This study introduces a refined methodology for modeling water diffusion in polymeric foams. The approach is grounded in Darcy’s law, which governs diffusion in porous media. A modified diffusion law is proposed to describe the complex interplay between the foam’s mechanical state and the dynamics of water transport. The resulting diffusion kinetics follows a three step mechanism controlled by a parameter that captures the interaction between Darcy-governed diffusion and diffusion influenced by mechanical properties. Notably, at low values of this parameter, the kinetics closely approximate those predicted by Fick’s laws. The framework is further extended to sandwich structures composed of composite skins and a polymer foam core. In this configuration, the diffusion process proceeds in two distinct phases: an initial pseudo-step corresponding to skin saturation, followed by diffusion within the foam core. A series of experimental studies corroborate this intricate diffusive behavior, underscoring the robustness and applicability of our model.

Keywords

polymer foam sandwich structure diffusive behavior Darcy’s law water immersion porous media

General introduction

Polymeric foams are used in a variety of applications, including the construction, automotive, household and packaging industries. These materials are characterized by advantageous physical properties, including low specific mass, effective thermal and acoustic insulation, and superior mechanical shock absorption capabilities.¹

Polymeric foams are extensively employed in various industrial contexts as critical components of sandwich structures,² where a high stiffness-to-weight ratio is of paramount importance.^1–3 This is particularly relevant in the aeronautical and naval transport sectors, as well as in high-tech applications such as aerospace. The incorporation of polymeric foams into these structures offers a number of benefits, including enhanced mechanical rigidity and a notable reduction in overall mass compared to traditional materials. The foam market is primarily dominated by amorphous polymers, such as polystyrene (PS), polyurethane (PU), and polyvinyl chloride (PVC). However, these sandwich structures are often subjected to severe environmental conditions, including high humidity and temperature fluctuations, which can lead to significant structural degradation, especially when hydrophilic materials are used in the foam core.^4–10

In these polymer-based structures, moisture diffusion can give rise to several phenomena, including a decline in physical and mechanical properties due to plasticization.
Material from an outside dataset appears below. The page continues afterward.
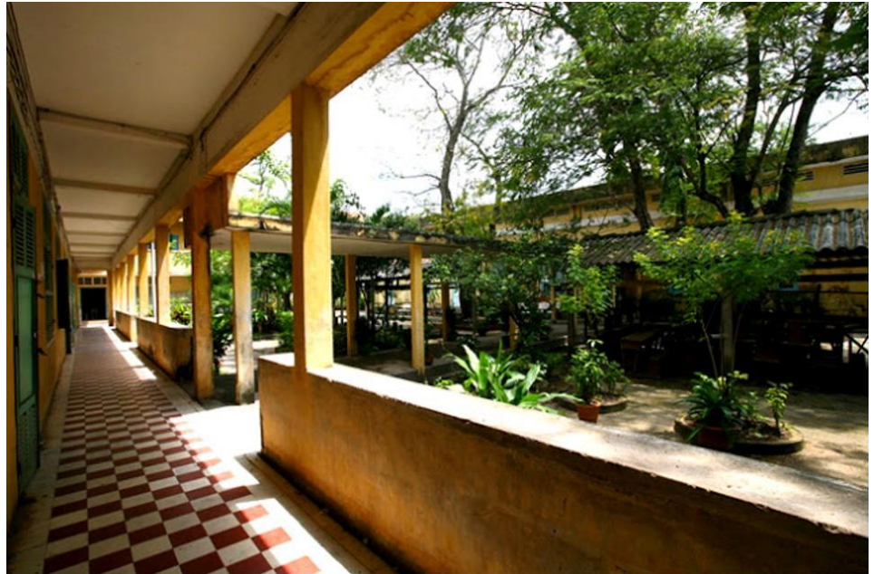
(Nắng Vẫn đi trên những hành lang Tống Phước Hiệp)

Nàng chỉ cầu xin Thượng Đế, cho nàng được giữ lại một chút hương xưa, một tia nắng ấm, một hình ảnh để làm quà cho người đó. Dù món quà không được gửi đi. Ngày nay họ là đôi bạn thân thiết nhất. Nàng vui nhất, hài lòng và toại nguyện nhất, những gì nàng cầu nguyện cho người ấy, trở thành sự thật. Cũng như nàng người ấy có một mái ấm gia đình, một cuộc sống vững vàng, và đầy nghị lực. Thế thì nàng đâu còn gì phiền muộn, ưu tư, khắc khoải. Mỗi người họ đều có một tổ ấm và cuộc đời

Additionally, differential swelling can result in the generation of a stress field within the thickness of the material, induced by the non-uniform distribution of the water content during the transient phase of the water uptake process. Consequently, the occurrence of low mechanical stress in conjunction with hygro-thermal stress can result in material damage. This assertion is supported by the findings of previous studies, as reported in Refs. 7,11–13.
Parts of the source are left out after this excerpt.